### EXERCISE DIRECTIONS
Return exactly the lines of the data below, from the one that contains "裏側が見えてもオシャレなダブルフェイス生地を 使用したニット素材アウター。 表と裏でさりげなく配色になっており、" through the final line, and leave out every picture.

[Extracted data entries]
========

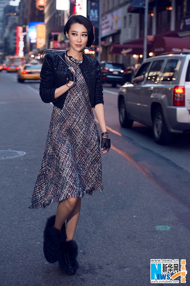 近日,女星马梓涵曝光了一组时尚街拍大片,片中,马梓涵身着设计感十足的亮色长裙搭配黑色修身外套,面带自信微笑漫步黄昏下的纽约百老汇大街,玩转异国情调。
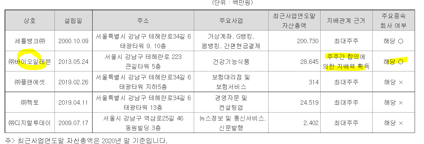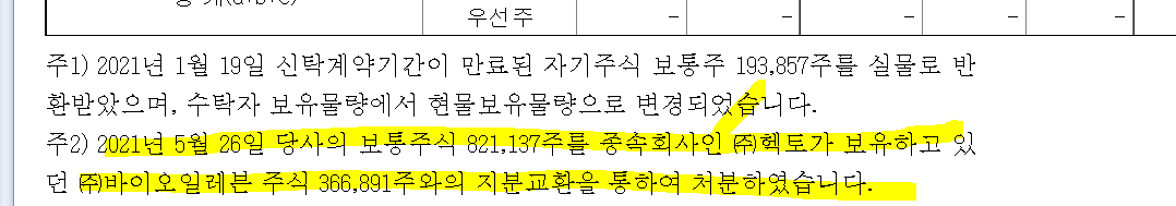 알고 보니, 세틀뱅크의 종속기업 '(주)헥토'가 보유하던 바이오일레븐 주식 과 민앤지의 자사주를 지분교환을 통하여 처분한 것이었다.
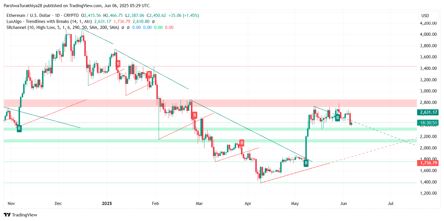$ETH handluje wewnątrz zstępującego kanału (wyższe górne granice wielokrotnie odrzucane), co sugeruje konsolidację i/lub fazę korekty, a nie świeży wybicie. CryptoPotato+1
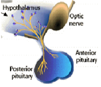Hormonal: hormones stimulate other organs - hypothalamic hormones stimulate the anterior pituitary gland.
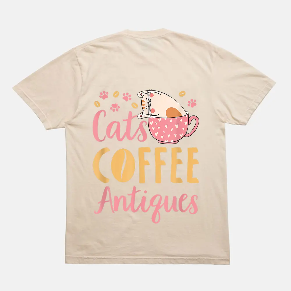 Cats Coffee Antiques Cat Lover Antiquing T-Shirt – Cream
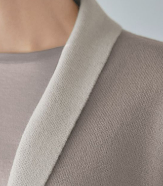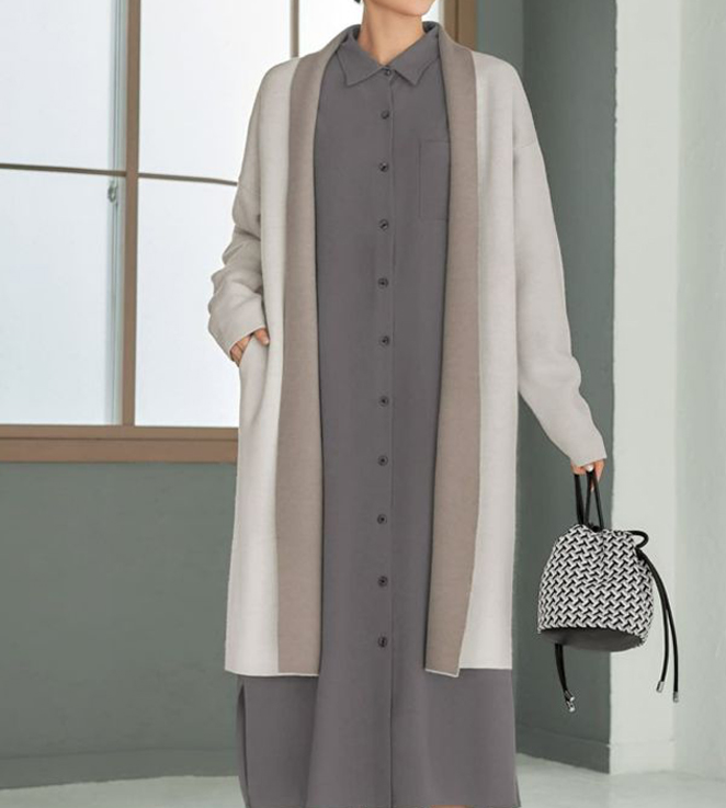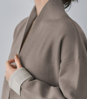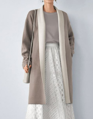 裏側が見えてもオシャレなダブルフェイス生地を 使用したニット素材アウター。 表と裏でさりげなく配色になっており、 奥行きのあるオシャレさが楽しめます。 サッと羽織れて、スッキリ洗練された印象を作れます。
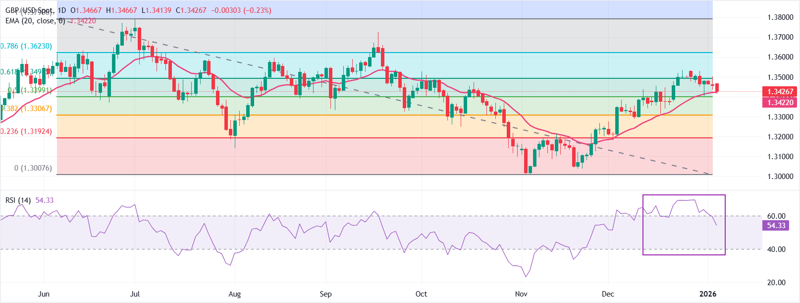 英镑(GBP)表现优于其风险货币同行,但在周初面临对避险货币的卖压。由于市场预期英国央行(BoE)将在2026年采取渐进的货币宽松周期,英镑有所上涨
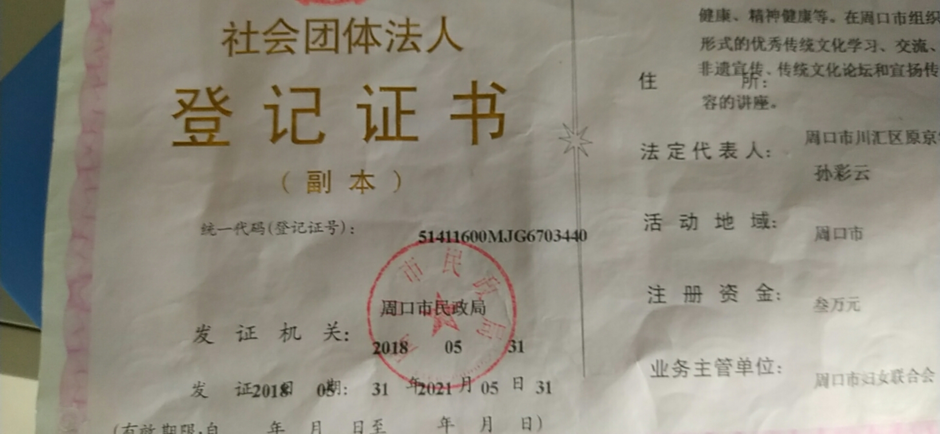 當孫彩云把成立志愿者團體的想法在微信群里公布后,得到了群友們的積極響應(yīng)??擅耖g志愿團體只有熱情是不夠的,憑著不達目的誓不罷休的性格,孫彩云一家家尋找掛靠單位,功夫不負有心人,她的毅力感動了周口市婦聯(lián)。在市婦聯(lián)的支持下,2017年4月28日,組織定名“周口市慈孝文化促進會”,同年5月8日,首次護河行動在大鐵牛下舉行,成為守護母親河的起點。2018年5月31日,周口市民政局批示下發(fā)“社會團體法人登記證書”,慈孝文化促進會正式成為國家注冊社會組織。

========

### ANSWER BOX
 裏側が見えてもオシャレなダブルフェイス生地を 使用したニット素材アウター。 表と裏でさりげなく配色になっており、 奥行きのあるオシャレさが楽しめます。 サッと羽織れて、スッキリ洗練された印象を作れます。
 英镑(GBP)表现优于其风险货币同行,但在周初面临对避险货币的卖压。由于市场预期英国央行(BoE)将在2026年采取渐进的货币宽松周期,英镑有所上涨
 當孫彩云把成立志愿者團體的想法在微信群里公布后,得到了群友們的積極響應(yīng)??擅耖g志愿團體只有熱情是不夠的,憑著不達目的誓不罷休的性格,孫彩云一家家尋找掛靠單位,功夫不負有心人,她的毅力感動了周口市婦聯(lián)。在市婦聯(lián)的支持下,2017年4月28日,組織定名“周口市慈孝文化促進會”,同年5月8日,首次護河行動在大鐵牛下舉行,成為守護母親河的起點。2018年5月31日,周口市民政局批示下發(fā)“社會團體法人登記證書”,慈孝文化促進會正式成為國家注冊社會組織。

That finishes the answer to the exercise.